My 4-year-old grandson and I went for a walk the other day and we stopped at a neighbor’s trampoline. As he was jumping, he spoke to me in words that seemed unintelligible.
“Selicha,” I responded in Hebrew, or “Excuse me.”
Selicha comes from the word Lisloach, or to forgive. Like most little boys and girls who take words literally, he stood there confused.
“Why are you telling me Selicha?” he asked.
The boy, of course, was on the money. Words are meant to be taken literally although we have to be reminded of this constantly. In this week’s Torah portion, Moses tell his flock: “Every commandment that I command you today must be observed and performed so that you might live, prosper, arrive and inherit the land that I have promised your forefathers.”

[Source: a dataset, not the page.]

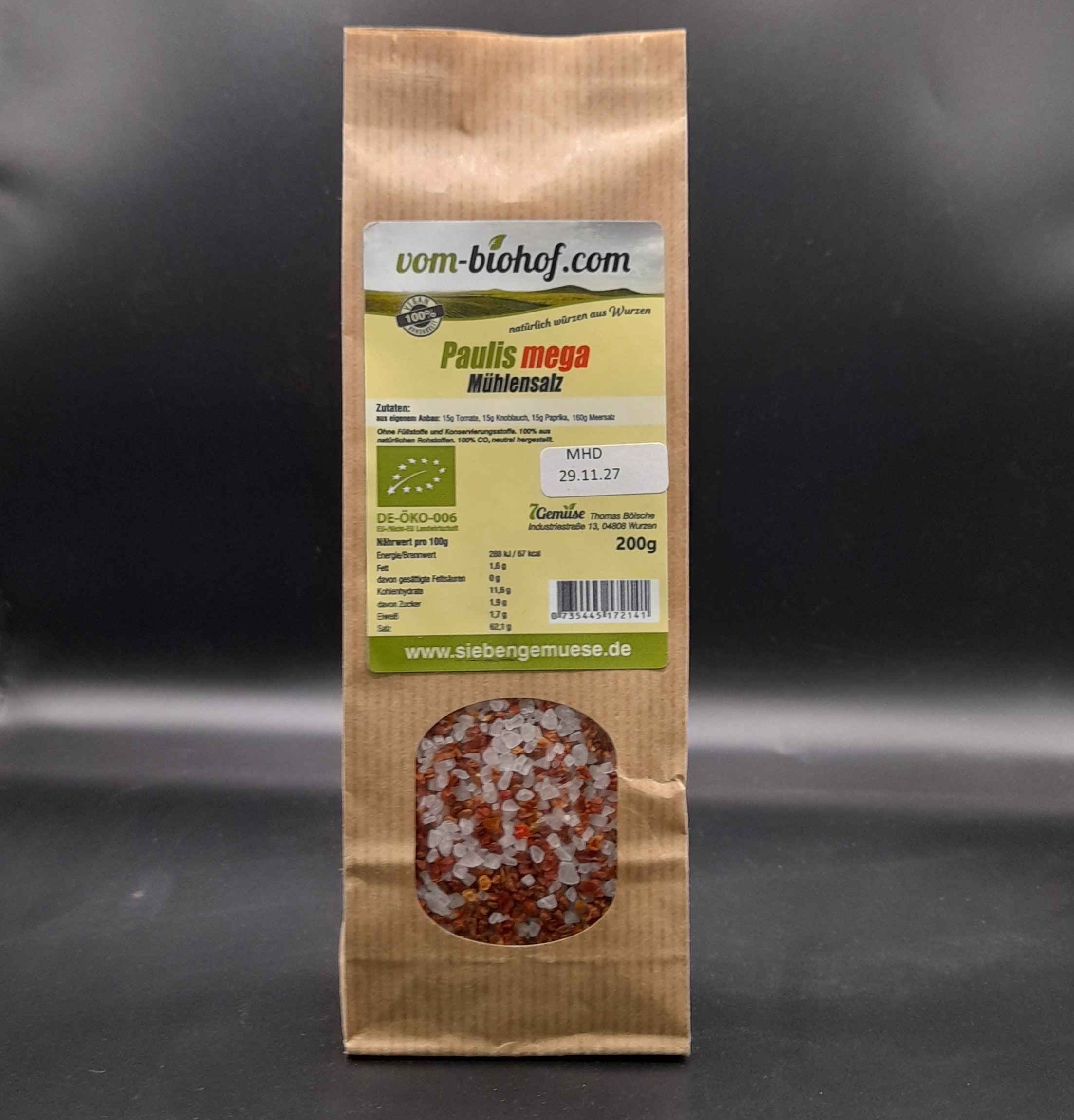Meersalz grob 155g, Tomate, Paprika und Knoblauch

Rabbi Shlomo Yitzhaki, known by the acronym Rashi, comes straight to the point in explaining the word “Every.” And the sage, who lived nearly 1,000 years ago, says “In its simple meaning.” Then, he adds a Midrash that puts a different spin:
“If you started a commandment, finish it, because a commandment is named only after the one who completed it.”
Moses knew this well enough. He spent his last hours in Egypt finding and recovering the remains of Joseph. But Moses was denied entry into the Land of Israel and Joseph’s bones were buried by others. Therefore, the commandment was attributed to Israel.
There has long been a debate among Jewish scholars of how to describe the State of Israel. Those who identify with the official institutions term the state Athalta DeGeula, or “the Beginning of the Redemption.” Others term the state Ikva Demishchta, the “Heel of the Messiah.”
Actually, the two sides agree more than they might admit. Judaism mandates the belief in the Messiah, who will bring the genuine redemption of the people. What is redemption? There are differing views but they all agree that redemption means the end of Jewish servitude. Or, as the protest signs off Jerusalem’s Balfour Street read, “End the Occupation.”
But many of those who talked of the beginning of redemption forgot this week’s Rashi. They saw the State of Israel as the end game. The state constituted a license to discard tradition and the commandments. It justified violating the Sabbath and virtually everything else — with the refrain of “This is not the Galut” or Exile. The teachers of Jews became hated even by those who grew up in traditional homes. Indeed, judging by the new Knesset, anybody can become a rabbi; anybody can declare food kosher. The rabbinical court is a source of ridicule, particularly by its secular counterpart. In any other country, this would be called anti-Semitism.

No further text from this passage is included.